President Cyril Ramaphosa. File photo.
Image: ESA ALEXANDER/SUNDAY TIMES

The EFF has applied to appeal against the court order that refused public access to the CR17 bank records, saying the order “endorsed secrecy”, whereas open justice has been the position of the courts all along.

The CR17 campaign saw President Cyril Ramaphosa elected president of the ANC in December 2017.

The bank statements — detailing the transfers of millions of rand in donations into and between various bank accounts associated with the CR17 campaign — were handed in to court by public protector Busisiwe Mkhwebane when Ramaphosa challenged the lawfulness of her now infamous CR17 report, which found that Ramaphosa had misled parliament about one of the donations to the campaign, had breached the executive ethics code and even directed an investigation for money laundering.

Ramaphosa’s review challenge was successful and the Constitutional Court recently confirmed that Mkhwebane’s investigation and report were unlawful and Ramaphosa did not have a duty to publicly disclose the donations to the campaign. However, documents handed in to court are normally public documents.

In the review case, Ramaphosa’s lawyers asked for these to be sealed and deputy judge president Aubrey Ledwaba agreed, with the proviso that anyone with an objection may raise this “in court”. No-one did so during the main review application. But later, the EFF brought a separate case to unseal the bank statements.

Last month, Pretoria high court judge Cassim Sardiwalla dismissed the EFF’s case.

The party has now applied for leave to appeal to the Supreme Court of Appeal.

“The judgment contradicts no fewer than three Constitutional Court and/or Supreme Court of Appeal judgments on the open justice principle. With respect, this requires attention from the appellate courts, particularly if this judgment becomes the new precedent ... with cases being conducted partially in secret,” said the EFF’s application.

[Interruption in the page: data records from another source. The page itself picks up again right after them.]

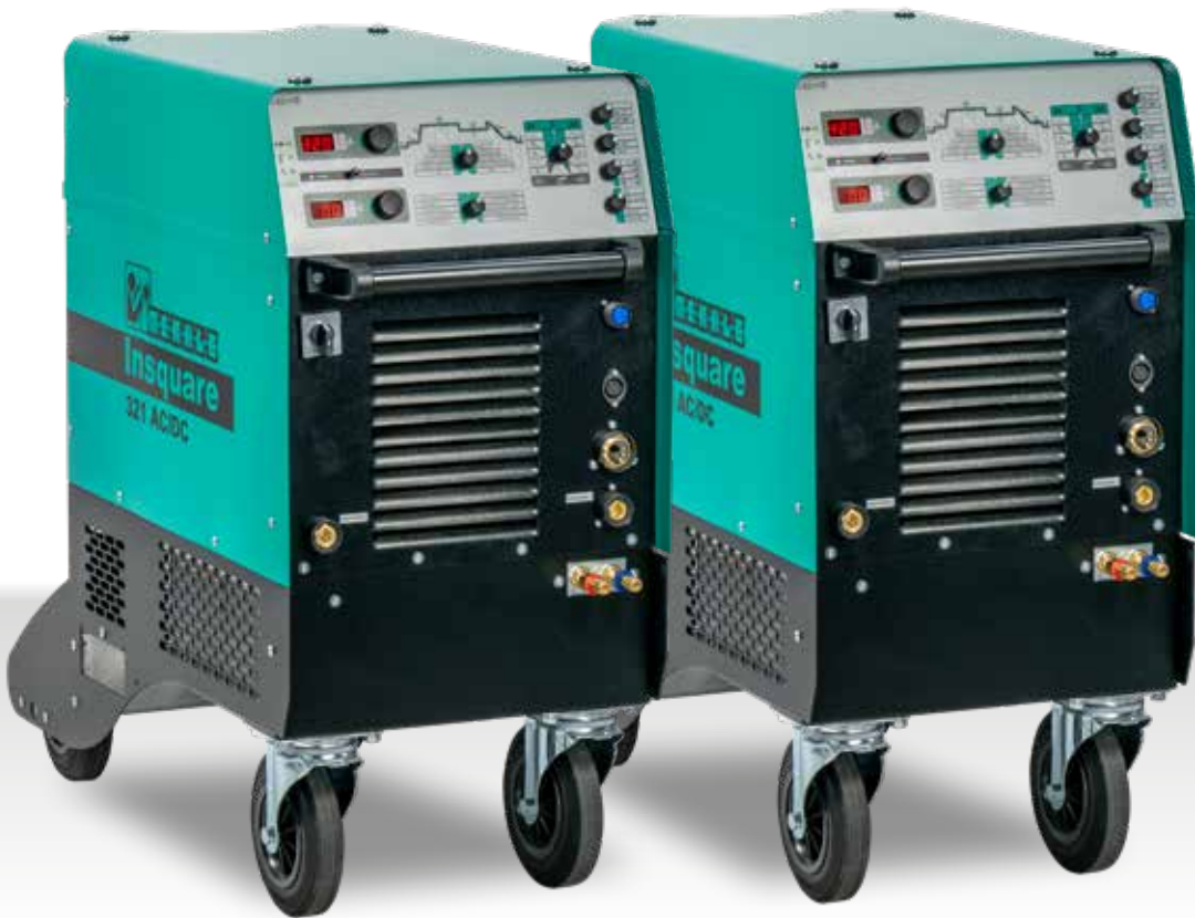
Insquare 321 AC/DC
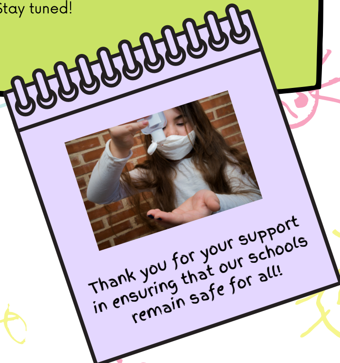
Thank you for your support in ensuring that our schools remain safe for all!
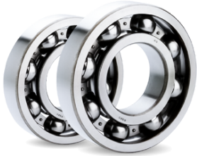
RADIAL BALL BEARING
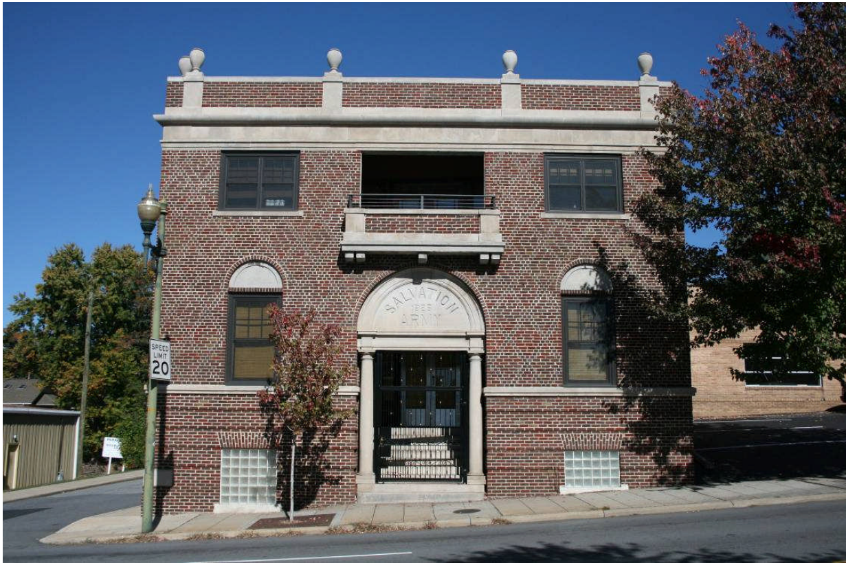
Salvation Army Building, 175 Patton Avenue
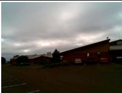
NW General Site
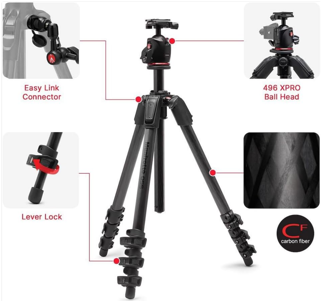
Image: Diagram highlighting key components such as the Easy Link Connector, Lever Lock, and the 496 XPRO Ball Head.
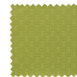
CF Stinson Textiles 201 Arm Chair | Diva Limelight | DVA 49
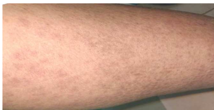
Figure-4: Skin showing resolution of purpura and post-inflammatory hyperpigmentation after 10 days
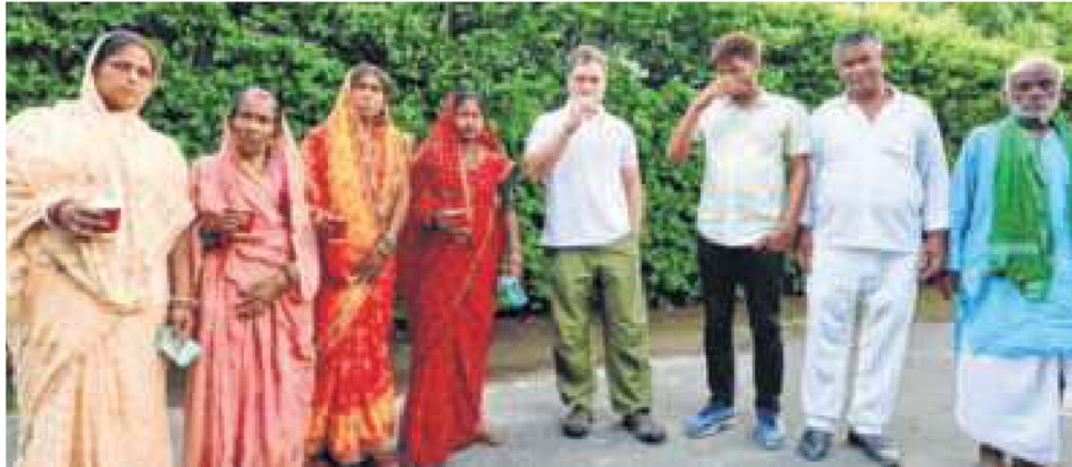
A group of seven voters from Bihar met the Leader of Opposition in Lok Sabha at his residence and shared their experience of how they were declared "dead" by the EC.

In the video of the meeting shared by the Congress, a person is seen telling Gandhi that most of these voters were from Raghupur Assembly segment, which is represented by former Bihar chief minister and Rashtriya Janata Dal leader Tejashwi Yadav. During the interaction, which
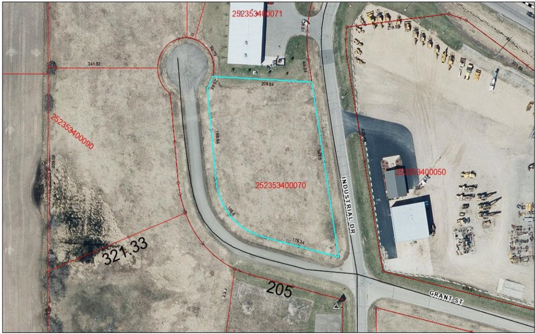
Shawano County GIS Map
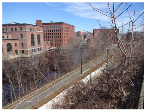
Neponset Trail and Baker Chocolate Factory from Eliot St.
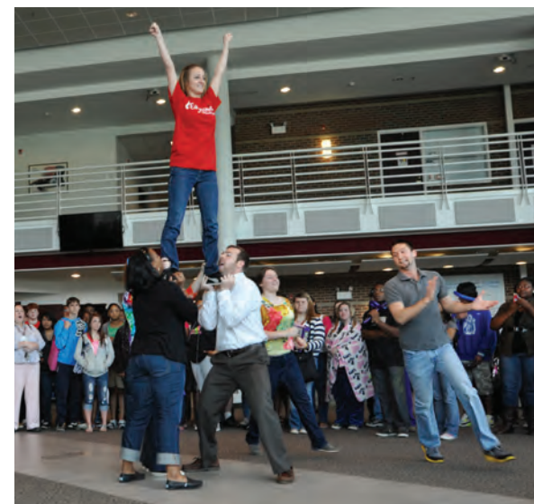
Mobley Atrium was the site of a flash mob in March. The event kicked off the 45th anniversary celebration of the founding of Edgecombe Community College, which was established on October 5, 1967.

Anniversary events will include the dedication of a new wetlands trail on the Tarboro campus, the dedication of a book on the history of the
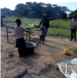
COOKING FOR THE STUDENTS
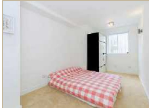
Milford House Approx. Gross Internal Area 830 Sq Ft - 77.11 Sq M
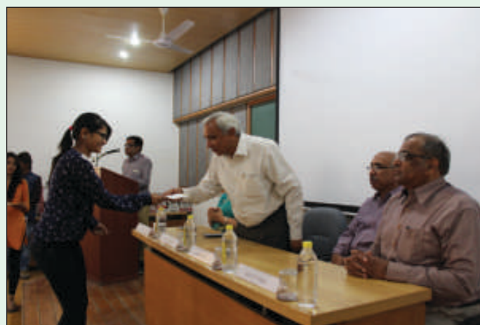
ILNU distributing Scholarship
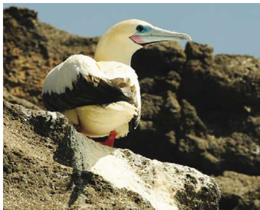
235 Red-footed Booby / Roodpootgent Sula sula , adult, Raso, Cape Verde Islands, 14 March 2013 (Martin Gottschling)
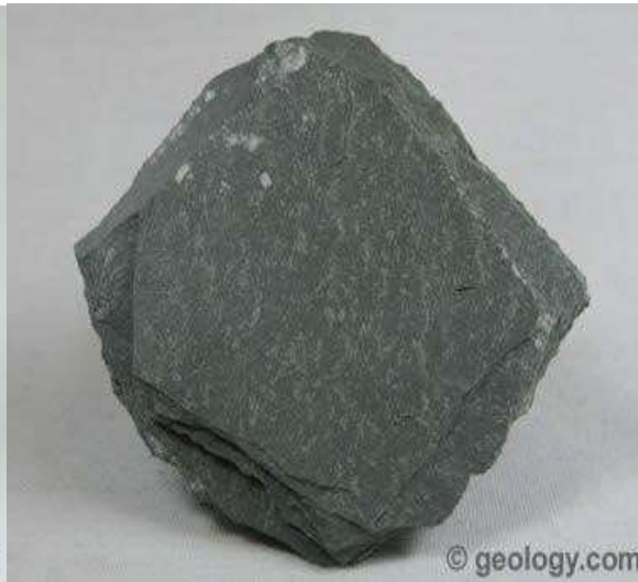
Plate ix: Slate is a foliated metamorphic rock
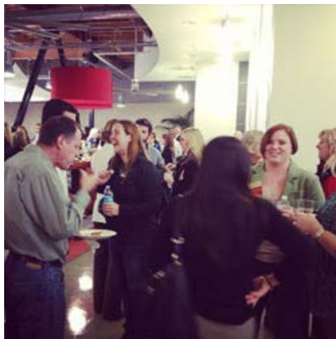
Our best CREW Who? turnout ever!
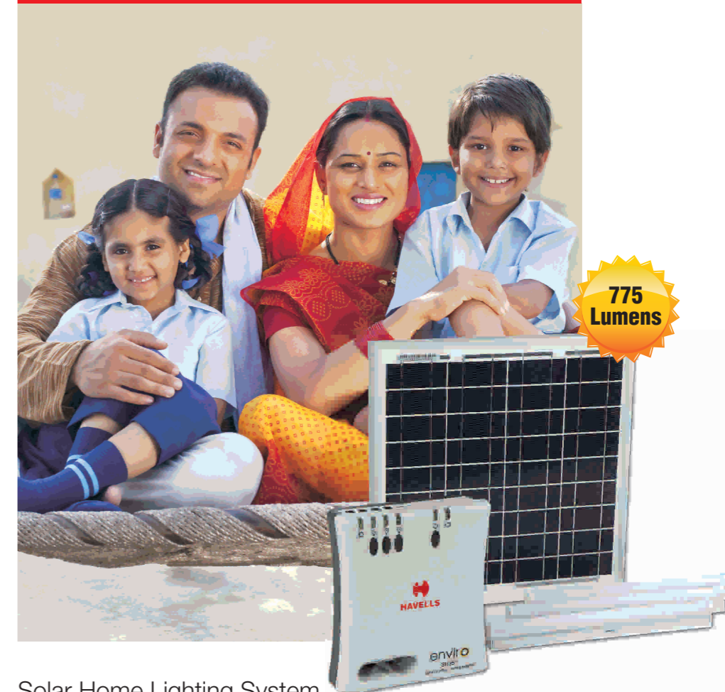
Solar Home Lighting System Enviro SH351
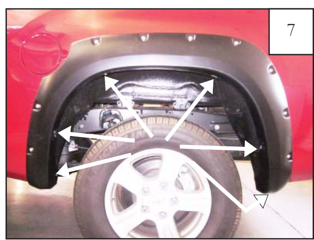
Hold flare firmly on the fender. Start a supplied Screw (SW1-0036) through each hole in flare and into hole in fender. (6 locations)
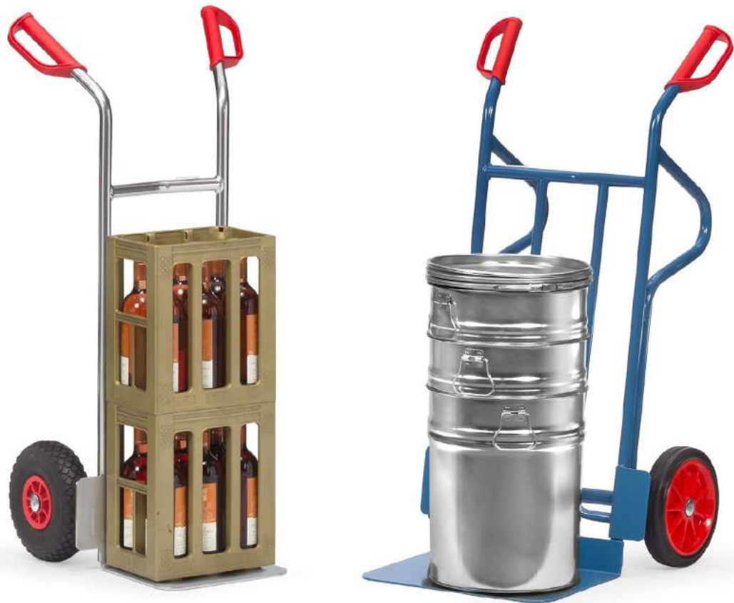
A1125L | B1216V

The right truck for each purpose • With solid rubber or pneumatic tyres • With small or big front shovel • Positioned upright or angular • Tubular steel truck neatly welded, steel sheet front shovel mountable, therefore exchangeable • Powder coated blue RAL 5007 • Aluminum trucks neatly welded and „natural“ • Aluminum sheet shovel mountable, therefore exchangeable • Wheels with plastic rim, hubs with roller bearings • Curved top bar and transversal struts. For safe transport of circular items such as rolls, cans, buckets etc.
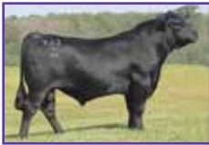
GAR Sure Fire, AI Sire
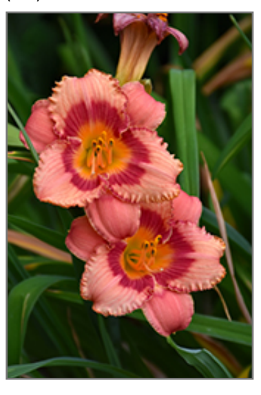
Strawberry Candy Daylily flowers
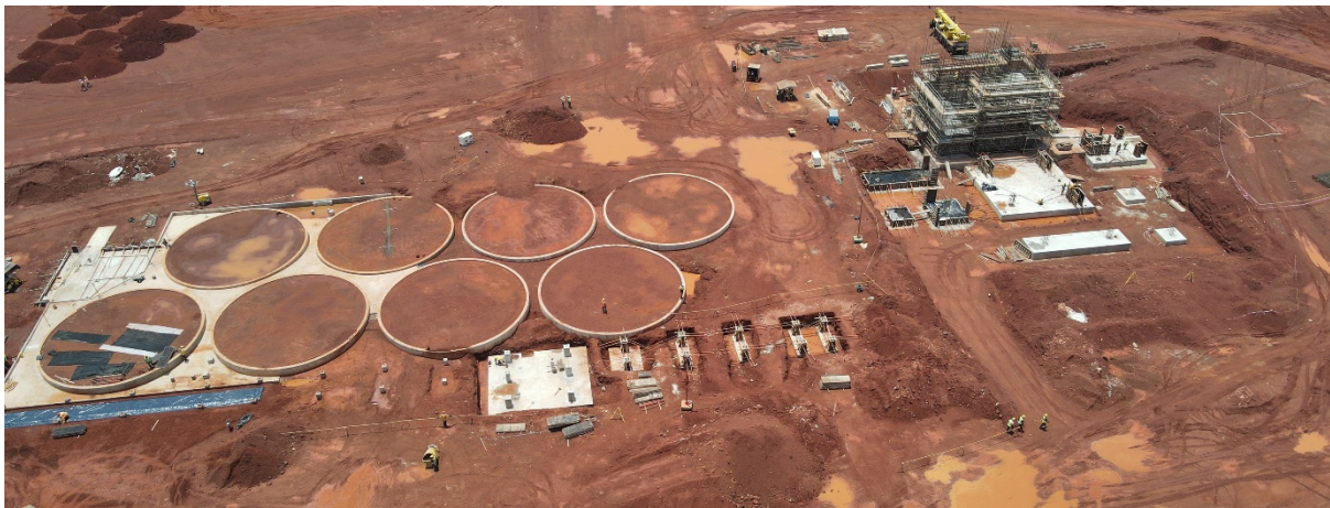
Figure 2: Overview showing location of CIL tanks and SAG Mill
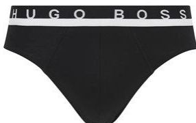
Logo-waistband briefs in stretch cotton
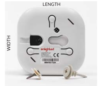
The Enlighted Smart Sensor
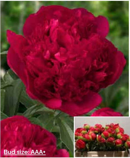
Bud size: AAA+ Command Performance (1996) | Early
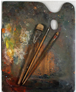
Title: No title (palette) Date: n.d. Primary Maker: Edgar Britton Medium: wood and pigment
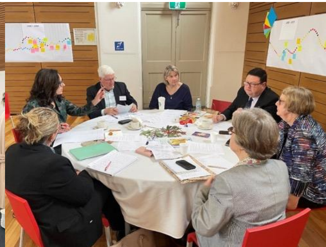
Participants hard at work.
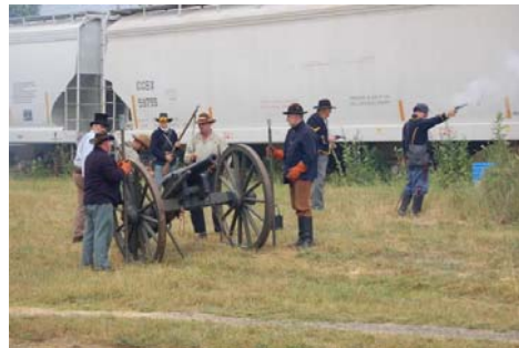
Field Cannon at the ready!
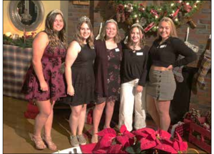
All five 2019 Daughters of Neptune together at CRYA Awards Banquet Dinner.
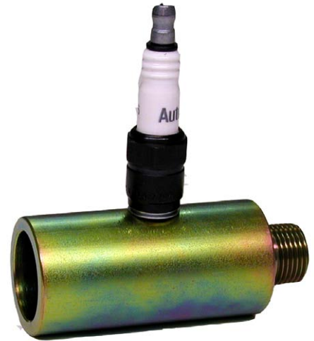
2BTS BLAST TIP

These tips, arranged on suitable pipe manifolds, or heads, may be used for roll heating, flame hardening, annealing, preheating, soldering, or other localized heating. Also for firing tin pots, varnish kettles, tanks, ovens, furnaces and numerous other types of equipment.
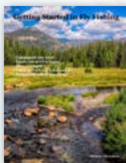
Getting started in Fly fishing 16 page download
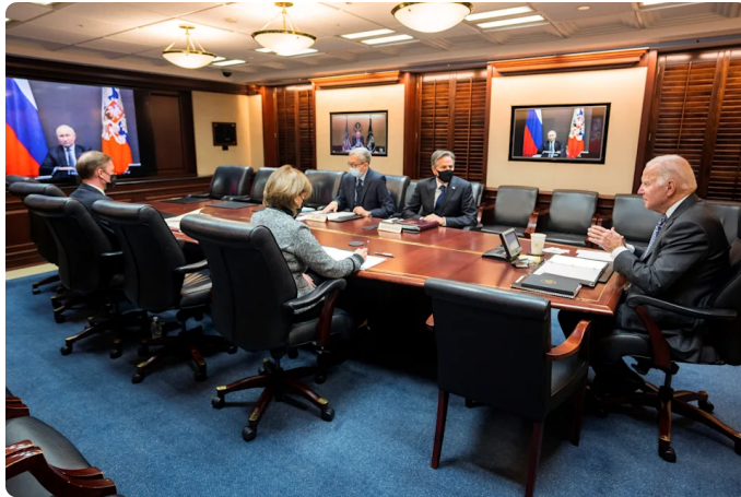
U.S. President Joe Biden holds virtual talks with Russia's President Vladimir Putin amid Western fears that Moscow plans to attack Ukraine, as Secretary of State Antony Blinken listens with other officials during a secure video call from the Situation Room More
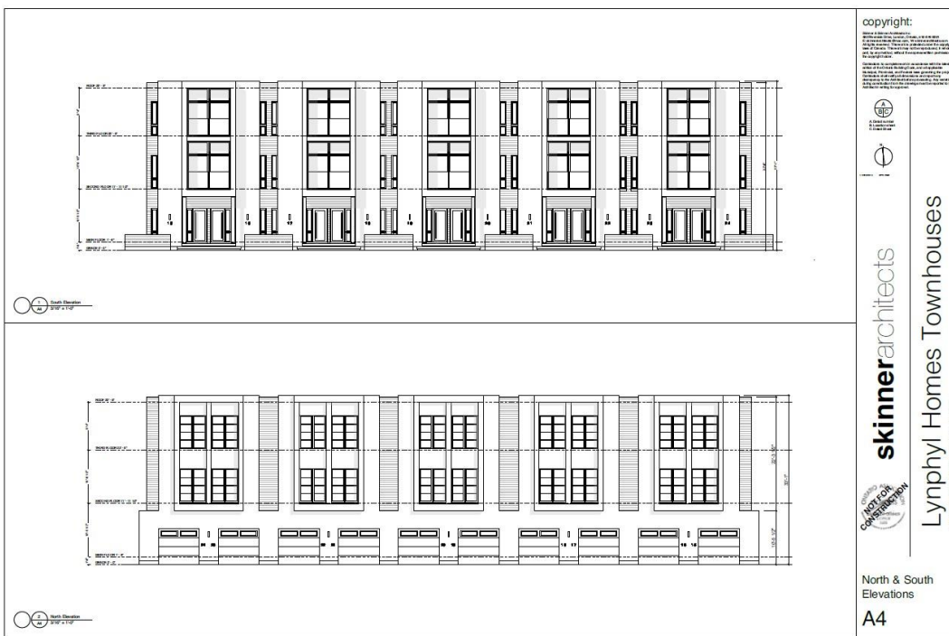
North and South Elevations
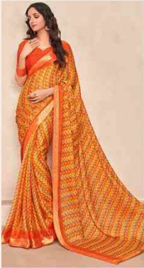
• 78207 •
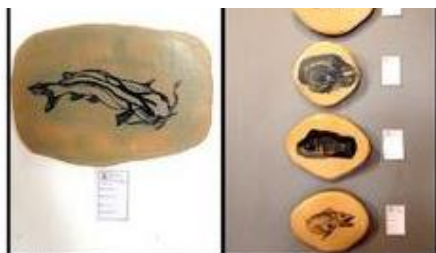
Art displayed at Carpe Diem
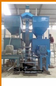
Poultry Feed Making Machine
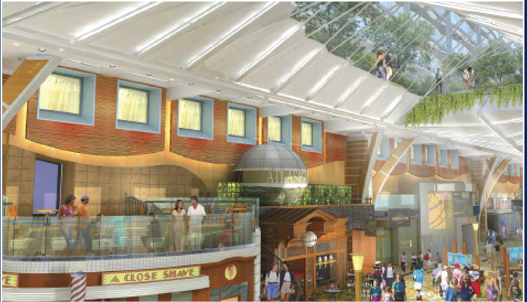
Promenade View staterooms
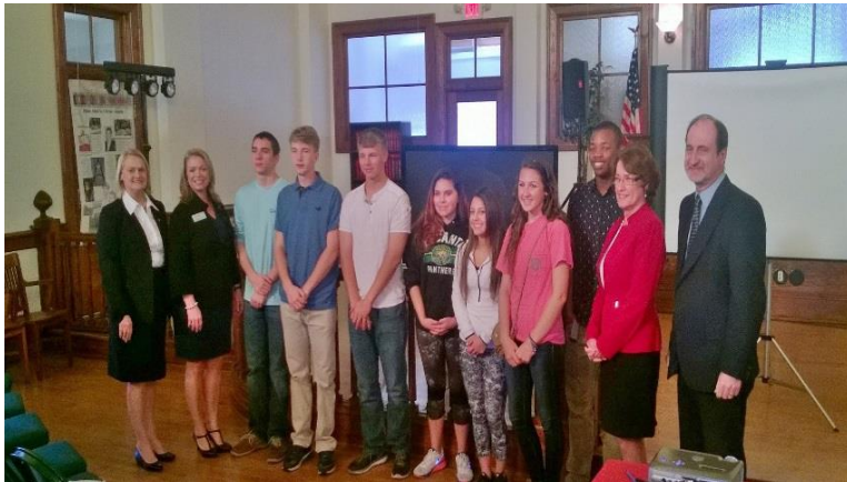
Youth Leadership Citrus Class of 2016 Government Day
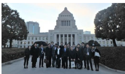
【Visit to the National Diet Building in Tokyo】
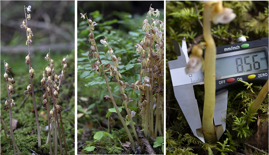
Fig. 16 One Epipogium stem with eight flowers and two stems nearby with seven flowers. Stems with diameter over 8mm are a sign of superb vitality.

It was a great thrill, then, when on 5 th August 2020, we discovered a single plant with eight flowers (Fig. 16). Nearby were two plants with seven flowers and many others with five or six. It seems to be that the bigger the population, the exponentially higher the probability of finding highly vigorous plants. In Estonia at least, within smaller populations (up to 10-20 plants) even five flowers on a single stem is rare. In places with just one or two plants usually four flowers is the maximum, but more often just one or two. Width (diameter) of stem (measured at the widest point, usually just above the base) is another indicator of plant vitality. Smaller plants usually have stem widths of 1-2mm, bigger plants with four or five flowers usually 3-4mm. Stems with diameter >5mm are rare. The largest plant we measured in 2020 had a stem diameter of 8.56mm – truly remarkable for Epipogium !
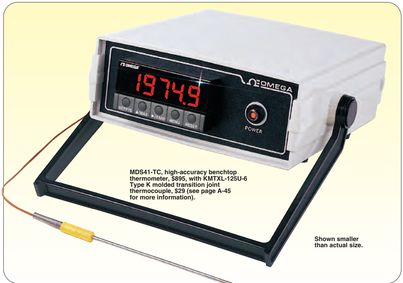
MDS41-TC, high-accuracy benchtop thermometer, $895, with KMTXL-125U-6 Type K molded transition joint thermocouple, $29 (see page A-45 for more information).
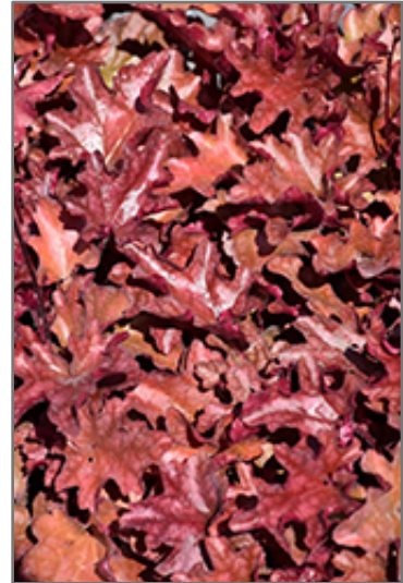
Peach Flambe Coral Bells foliage

This is a relatively low maintenance plant, and should be cut back in late fall in preparation for winter. It is a good choice for attracting hummingbirds to your yard. It has no significant negative characteristics.

The application said that once a review of a decisionmaker was launched in court, the rules of court require that the documents relied on by the decisionmaker, or the Rule 53 record, “in its entirety becomes disclosable”.

The EFF also said that, because the sealing was done in a case management meeting and not through a formal legal process, it created a “reverse onus” on the EFF to justify why the bank statements should be open to the public.

The right position, said the EFF, was that the president should have justified why the documents should have been sealed.

“The sealing was obtained without notice, and was not in open court. This in inimical to not only how justice is done, but in how justice is seen to be done,” said the EFF’s application.

The application said that the sealed records were “fundamental for our democracy” — in relation to the right to vote and the principle of open justice. The documents had also already been leaked, said the application, and were thus already in the public domain.

“Yet, and solely because of Ledwaba DJP’s directive, and now the court a quo’s judgment, the EFF is barred from making public any material that is sealed.”